Viajar con bebés y niños ha dejado de ser una aventura de familias modernas a algo cada vez más habitual. Y mientras los destinos cambian, una cosa sigue igual: queremos que vayan cómodos, abrigados y adorables en cada foto del viaje. La moda infantil para 2026 llega con tejidos suaves, estampados alegres y prendas que aguantan maletas, aeropuertos y días interminables de excursiones sin perder estilo.

Ropa cómoda para explorar sin parar

Los leotardos bebé vuelven a ser los reyes del invierno viajero. Son fáciles de combinar, ocupan poco espacio y, sobre todo, mantienen a los más pequeños calentitos durante los días de paseo. Este año triunfan en tonos naturales —beige, verde oliva o terracota— y si buscas algo especial y tierno, las texturas de canalé añaden un toque retro ideal para fotos familiares.

Además, las marcas como condor han apostado por modelos con algodón y elasticidad extra, pensados para que tu peque gatee por el suelo del aeropuerto o se eche la siesta en la silla del coche sin molestias.

Los imprescindibles del mini viajero

A la hora de hacer la maleta para 2026, conviene pensar en prendas versátiles:

  • Chaquetas plegables con capucha, perfectas para el entretiempo.

  • Sudaderas de punto fino, que combinan igual de bien con vaqueros que con faldas.

  • Zapatillas ligeras y lavables, para correr por cualquier escenario.

  • Leotardos bebé y leggings suaves, ideales para capas y cambios rápidos.

  • Y, por supuesto, un gorrito (porque el frío no entiende de vacaciones).

La tendencia que viaja contigo: comodidad ante todo

Cada vez más familias apuestan por ropa cómoda para sus hijos.

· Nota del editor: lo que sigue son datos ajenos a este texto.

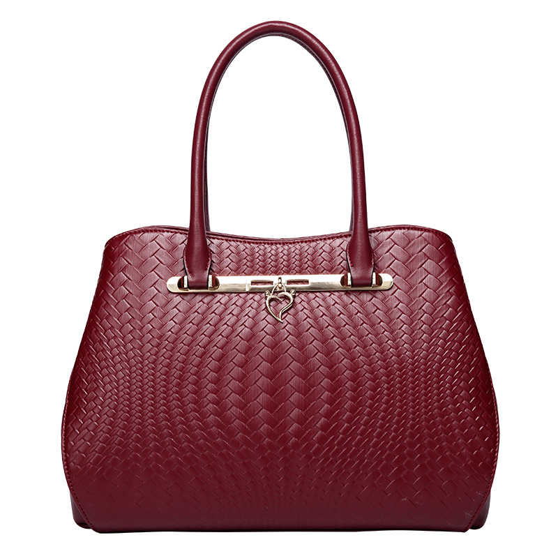 简约编织纹复古女包手提包牛皮包包气质妈妈包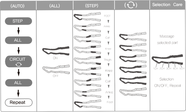 Urządzenie posiada w 4 programy oraz program automatyczny, który łączy wszystkie techniki ucisku.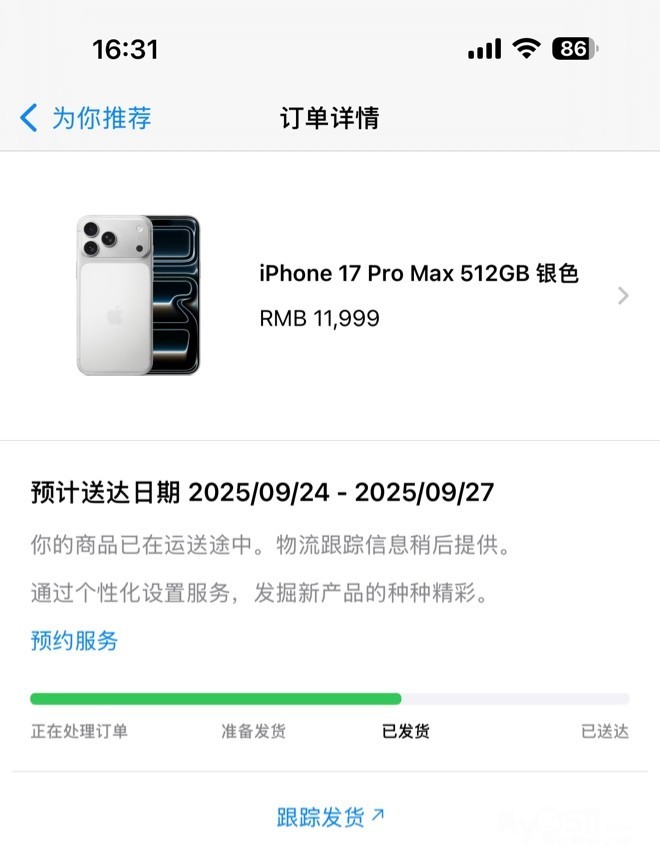 iPhone17Promax512白色明天到货需要的滴滴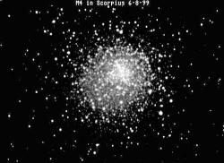 M4, (click on image right) located 5,600 light-years away in the summer constellation Scorpius. Globular clusters are deficient in heavier elements,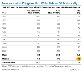 The volatility episode in April–May is now viewed as a healthy reset. Market breadth has since widened, and technical conditions remain supportive into year-end. Seasonally, the fourth quarter tends to favor gains, buoyed by easing financial conditions and improving investor confidence.

En 2026 veremos marcas que priorizan tejidos y diseños versátiles que nos permiten crear múltiples combinaciones con pocas prendas

Pequeños aventureros, grandes estilistas

Al final, la mejor moda para viajar es la que acompaña historias. Porque da igual si vuestro destino es la playa o un pueblo de montaña: lo importante es que ellos puedan correr, reír y moverse con total libertad. Así que sí, llena la maleta de ilusión, de ropa práctica… y de unos cuantos leotardos, que siempre salvan cualquier look.